Due to a shortage of accommodations in several Ukrainian cities, students at universities in Kiev, Kharkov, Donetsk and Lviv will be forced to give up their dormitories to visiting fans during the Euro 2012 tournament. The students will not only receive no compensation in return for a bunch of drunken louts taking up residence in their rooms, they must continue to pay their dorms fees for the three weeks they will be displaced. Unless they want to work for free.

Via Spiegel comes this distressing story to add to the growing list of negative items coming out of the European Championship tournament preparations. There’s the disease, the likely presence of banned hooligans, the wanton killing of dogs, and now this: Ukraine’s universities have entered into contracts with German ticketing agents for a cut of the Euro tourism pie, and are happily exploiting their students to do it.

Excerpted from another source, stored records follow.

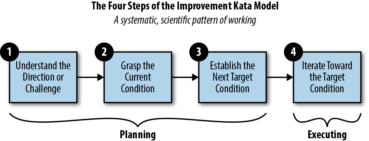 It is key to first understand your challenges. Perhaps you are frequently slowed by failed releases, or you don’t get appropriate requirements from the business. You must then grasp the current condition fully, and work with people across the organization and share responsibility for the potential improvements. After establishing the next target condition and planning with your team, you iterate toward this goal. Along the way, monitor for signs of success and failure, and continually reflect on and feed your learning forward into the process.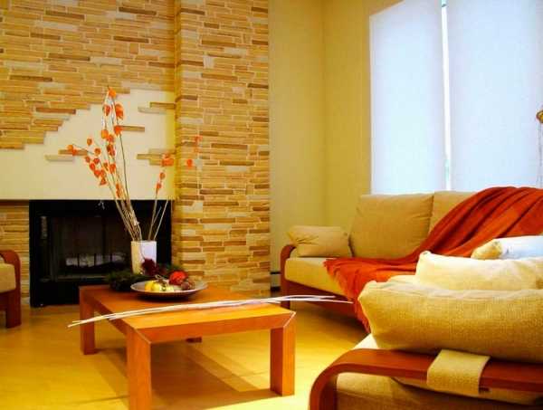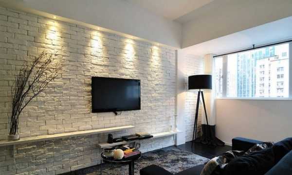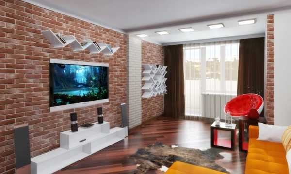Декорирование, отделка стен под кирпич в гостиной: фото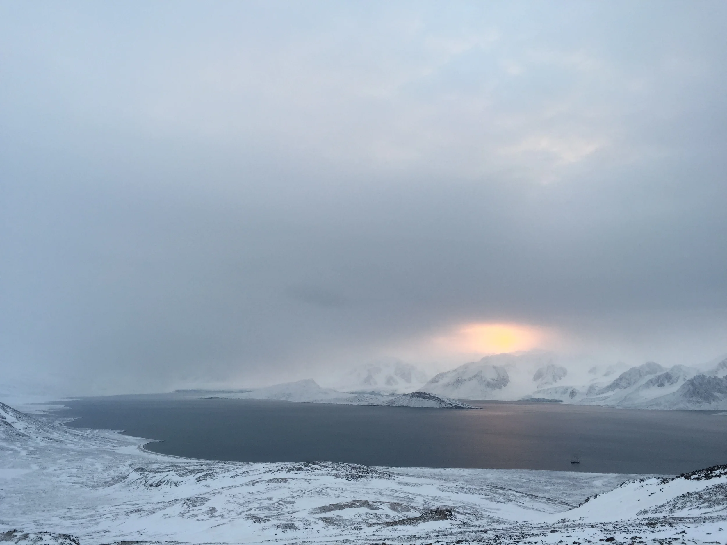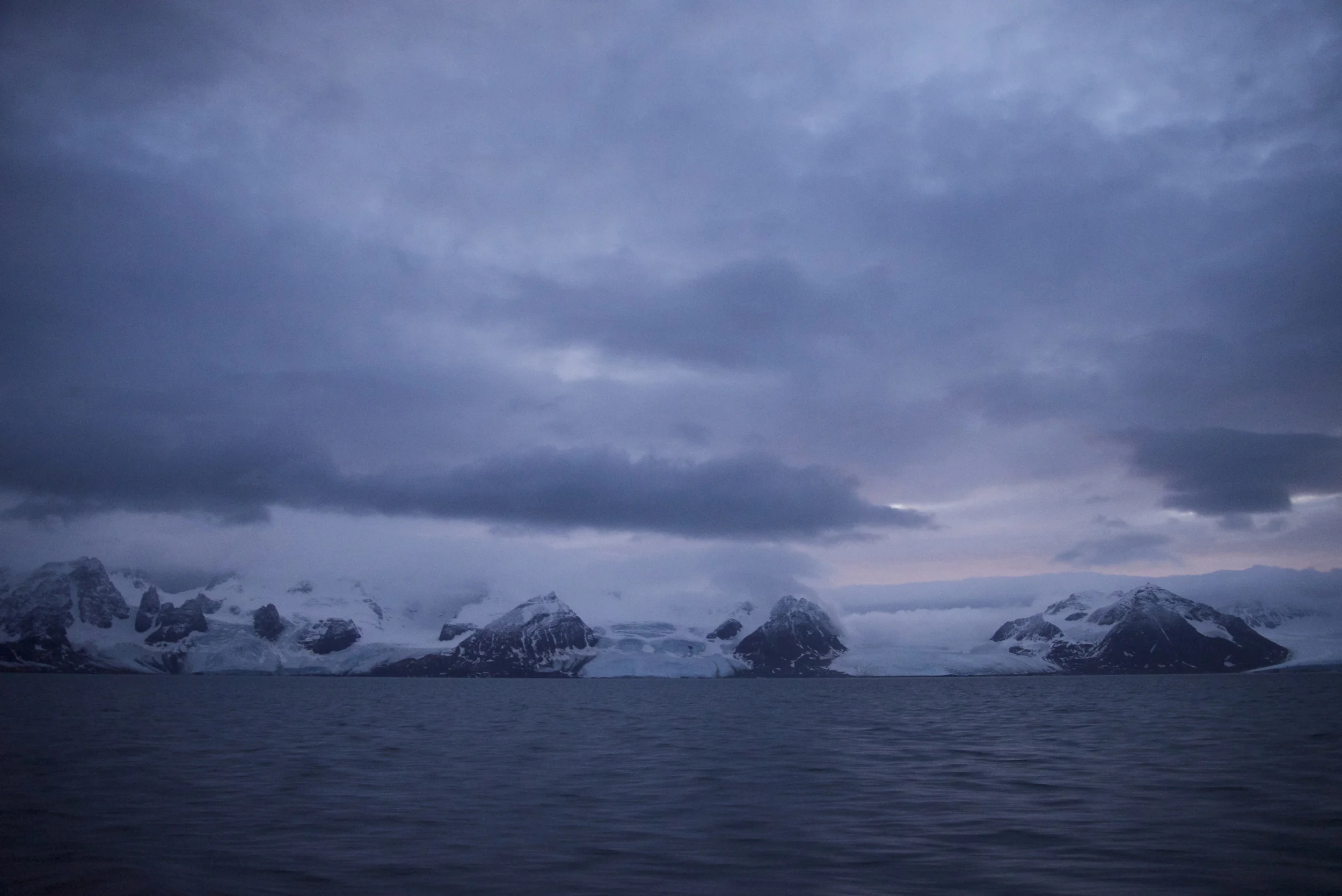 We traveled this morning into the afternoon, continuing to head south until turning back into Krossfjorden and laying anchor in Signehamna. I was happy—the travel left time to have a long nap after breakfast which helped the ferocious head/chest cold that has managed to develop between lack of exercise, lack of sleep, Alex's strange food, stripping down to a mesh bodysuit in the Arctic (part of a project being realized at each landfall) and intense and numerous hot-cold transitions. In the early evening, we made a short landing on a beach covered in deep snow. The mountaintops' contours were rimmed with pink which grew until they were completely lit up in a fiery luminosity behind the Antigua. And it was cold—the coldest it's been so far. When we got in the Zodiac to head back to the ship, we had to use the paddles to break up the ice in the sea and push it away from the propeller.

Despite the tournament taking place during the summer semester break, many students remain in university dorms either by choice or necessity. Those students will now be put out on the street for most of June with no where to go, and no alternative housing is being offered. Thanks to the lodging shortage in Ukraine, there will be no hotel rooms available, and those that do become free will be exorbitantly expensive.

A few students will be able to remain in their rooms, but only if they are willing to serve as free labor while the crush of football fans take up temporary residence. Universities have offered some students contracts that stipulate they can remain in their dorm during the tournament if they work as caretakers. The ability to stay would be their payment, and some contracts require as much as eight hours of work per day.

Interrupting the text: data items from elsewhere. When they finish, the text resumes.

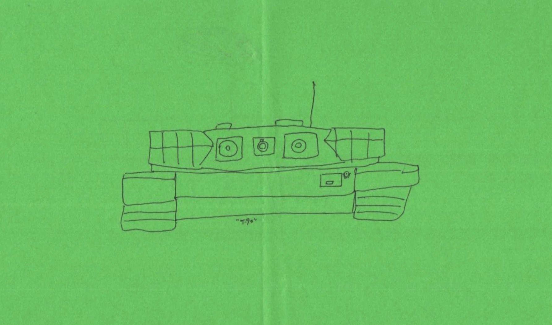 原图为一幅简单的线条画,描绘了一辆坦克,背景为绿色。线条简洁,整体风格为手绘。由于缺少明显的宠物或耶诞节元素,需从线条的简单构图中寻求创作灵感。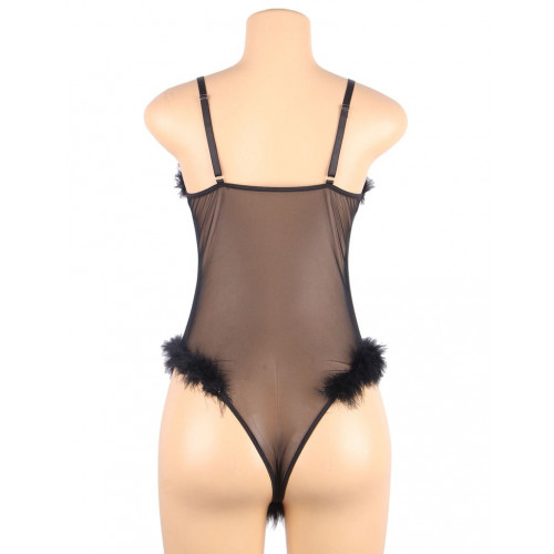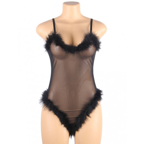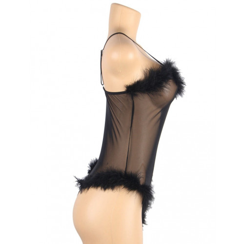 Комплект с меховой окантовкой Star Night пеньюар с длинными рукавами и боди, черный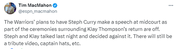 据勇士记者报道,原计划库里会在赛前对球迷发表讲话,欢迎克莱的回归;但是昨天晚上,克莱和库里商量之后,他们两人最终决定取消这个环节,这样大家都能更快地专注于比赛。

At least one university, faced with housing football fans in dorms that have not been refurbished since the 1960s, are requiring that students wallpaper their rooms and paint windows, without providing any money for the students to do so.

As appalling as this news is, it shouldn’t come as any surprise. Ukraine’s inability to house its share of the more than 800,000 people expected to attend Euro 2012 combined with universities anxious to cash in on the event created enough demand that the schools are perfectly willing to forsake their students.